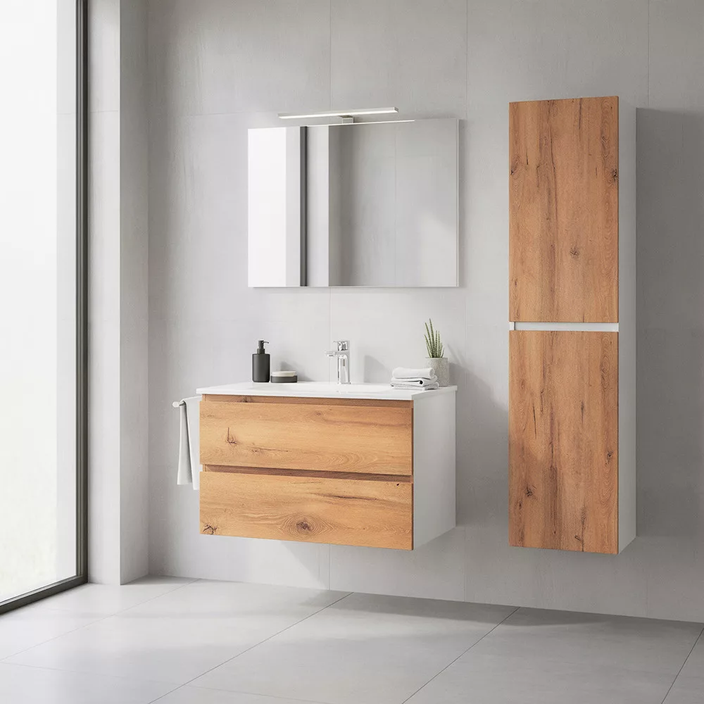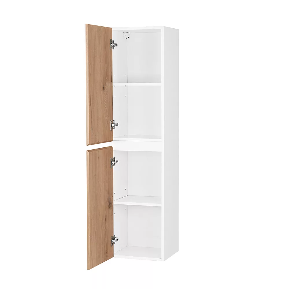 A Vario Forte 35 függesztett oldal szekrény ideális kiegészítője minden modern fürdőszobának. Remek választás, ha extra tárolóhelyre van szükség kompakt méretben a dizájnt és a minőséget is szemelőtt tartva. Az fehér korpusz és tölgy front időtlen, letisztult megjelenést biztosít, amely harmonikusan illeszkedik a Vario Forte család további elemeihez.
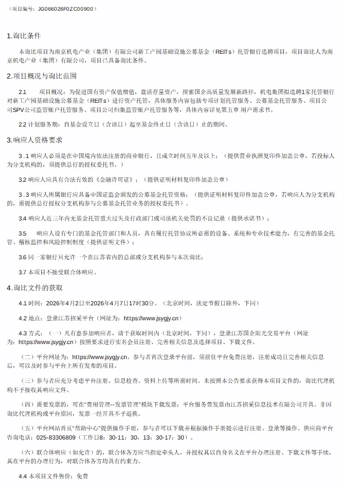 南京机电产业(集团)有限公司新工产园公募REITs托管行选聘询比公告
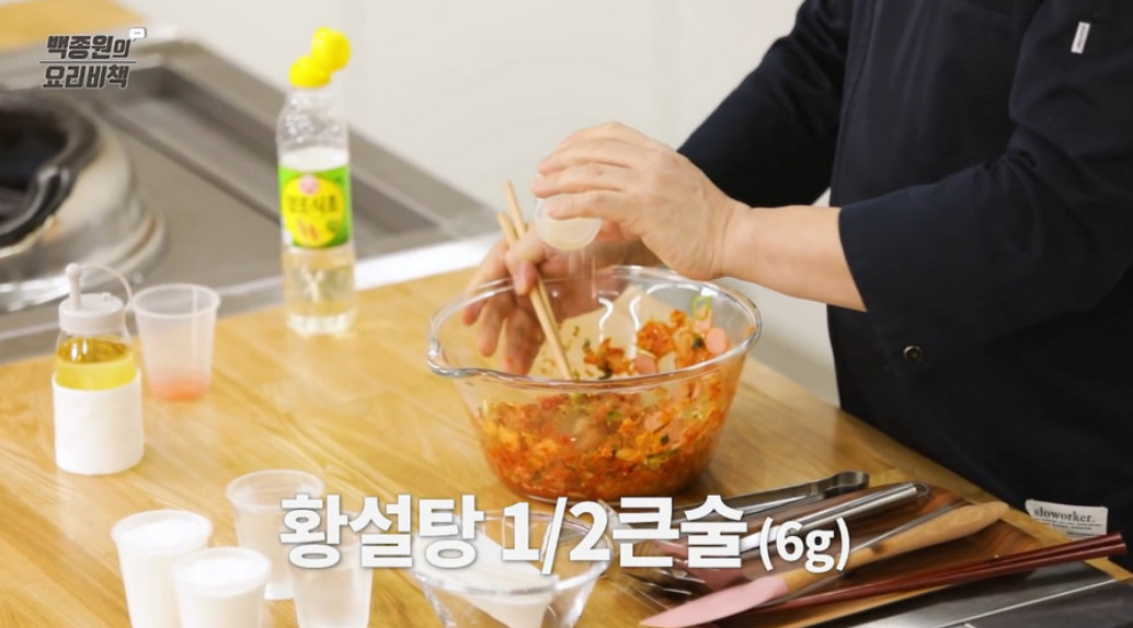 6. 색을 내기 위해 고운 고춧가루도 넣고, 김치의 시큼한 맛을 잡기 위해 황설탕도 넣어주세요. 설탕을 넣으면 전체적으로 감칠맛을 더해주는데 도움이 되니까, 넣는 게 좋을 거예요. 이렇게 조금씩 다양한 재료를 넣어서 풍부한 맛을 낼 수 있어요.
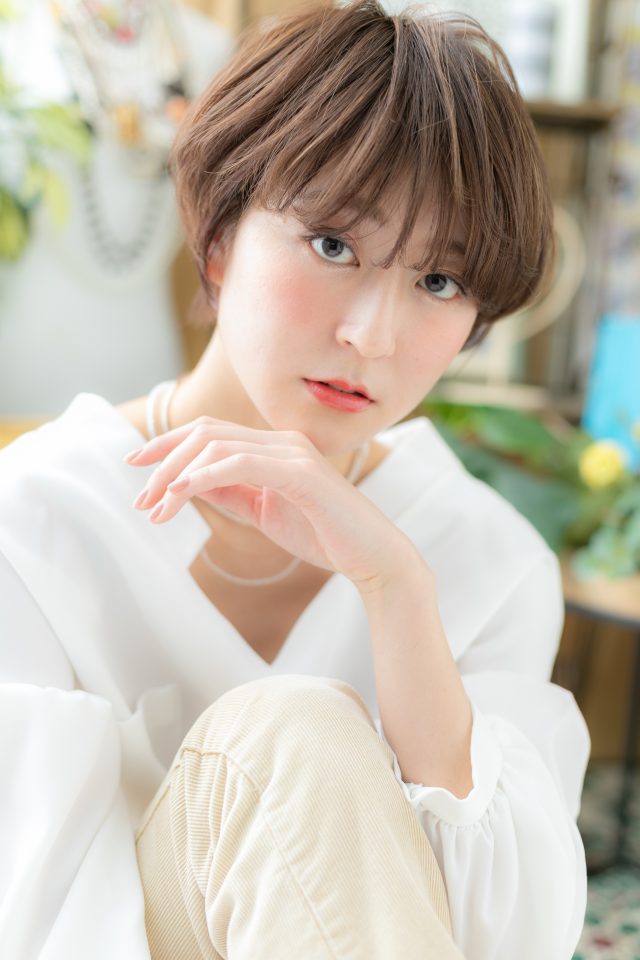 長めシースルーバングとレイヤーカットでニュアンス感ある動きを出した大人かわいいマッシュショート。トリートメントしたようなカラーリングで髪の毛の悩みも解決!30代・40代にも◎(メイク担当:北浦和店 棟方)
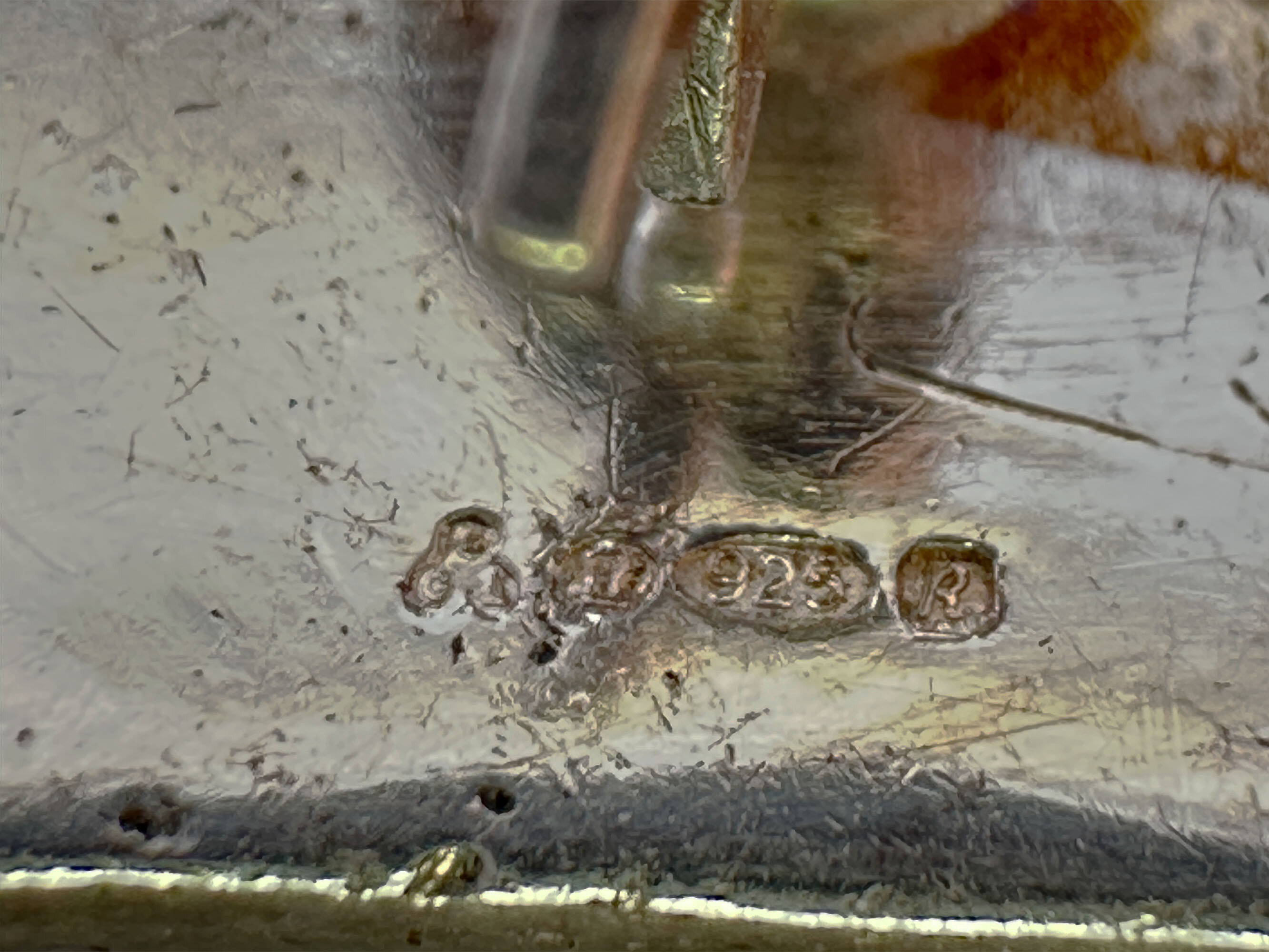 This is a strking brooch in a modernist design that depicts a jumping dolphin. It is silver set with onyx or agate stones. It is hallmarked London 1991 with a makers mark that is three circles.| Size: | 61.8 x 32.4 mm |

> _Work request_:
What is needed is a verbatim copy of the material, minus its pictures.

> _Your response_:
 A Vario Forte 35 függesztett oldal szekrény ideális kiegészítője minden modern fürdőszobának. Remek választás, ha extra tárolóhelyre van szükség kompakt méretben a dizájnt és a minőséget is szemelőtt tartva. Az fehér korpusz és tölgy front időtlen, letisztult megjelenést biztosít, amely harmonikusan illeszkedik a Vario Forte család további elemeihez.
 南京机电产业(集团)有限公司新工产园公募REITs托管行选聘询比公告
 6. 색을 내기 위해 고운 고춧가루도 넣고, 김치의 시큼한 맛을 잡기 위해 황설탕도 넣어주세요. 설탕을 넣으면 전체적으로 감칠맛을 더해주는데 도움이 되니까, 넣는 게 좋을 거예요. 이렇게 조금씩 다양한 재료를 넣어서 풍부한 맛을 낼 수 있어요.
 長めシースルーバングとレイヤーカットでニュアンス感ある動きを出した大人かわいいマッシュショート。トリートメントしたようなカラーリングで髪の毛の悩みも解決!30代・40代にも◎(メイク担当:北浦和店 棟方)
 This is a strking brooch in a modernist design that depicts a jumping dolphin. It is silver set with onyx or agate stones. It is hallmarked London 1991 with a makers mark that is three circles.| Size: | 61.8 x 32.4 mm |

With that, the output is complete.